三菱東京UFJ銀行は2011年の景気について、「輸出の持ち直しにより春ごろから踊り場を脱却するだろう」と予想している。「中国の輸入に下げ止まりの兆しが出始めている」「米国は年末商戦が良好なスタートを切るなど、底堅さがみられる」「電子部品の在庫調整が進展している」「米景気の底堅さを反映して、円高圧力が後退する」などがその主な理由。
景気回復に歩調を合わせるとすれば、上昇が期待される株式市場はどうか? バークレイズ・キャピタル証券は、「最近発表された米国の一連の経済指標は、個人消費の回復を示す内容。
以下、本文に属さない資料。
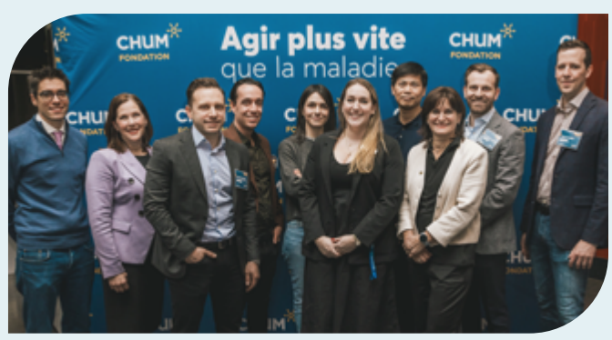
Grand Donors' Circle members
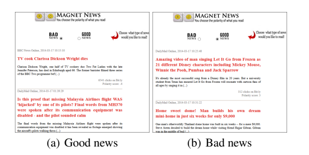
Figure 2: Screen snapshots of the system when users select to read the good news

As we have presented before, our daily collection generated some information about each article, such as title, description, and its text. As processing all these information
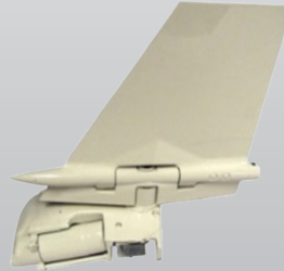
Harpoon Missile / SLAM-ER Cruise Missile Actuator and Fin
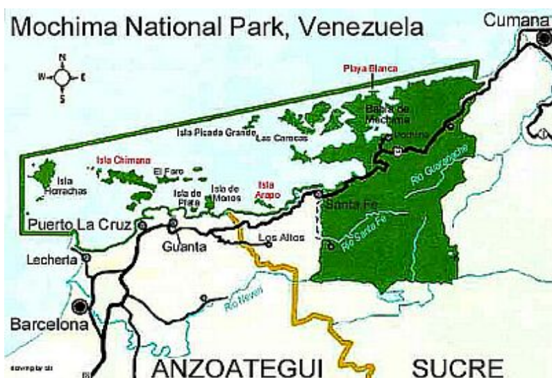
Mochima National Park Map

The Continental Zone includes the northern mountainous area of the Western Mountain Range and contains a large part of the Neverí River watershed. The southern limit of this watershed and of the Turimiquire Dam are in the southeastern area of the park. Wet montane forests and cloud forests in the higher regions dominate this zone. Forests are secondary or have suffered intervention from agricultural practices due to their proximity to towns. The roadway that goes to Cumaná separates the coastal marine and mountainous zones.

米国における景気回復は、今後、輸出企業の業績回復に寄与する」。また、「日経平均については、輸出企業の業績回復に加えて、対ドルでの円安期待もあり、2011年末には12,000円を試す展開もありうる」としている。
このところ一服感のある円相場についてはどうか? 大和総研は「世界的にリスク選好的となることで、為替市場では低金利通貨売り・高金利通貨買いが優勢となるだろう。低金利通貨の代表格である円には売り圧力がかかり、ほぼすべての通貨に対して円安基調となることが予想される」との見解を示す。
また、大和総研は同時に「年前半を中心に。米国金利の相対的上昇がドル高圧力を生むだろう」と予測。この点については、三調査機関の見解が一致したことが注目される。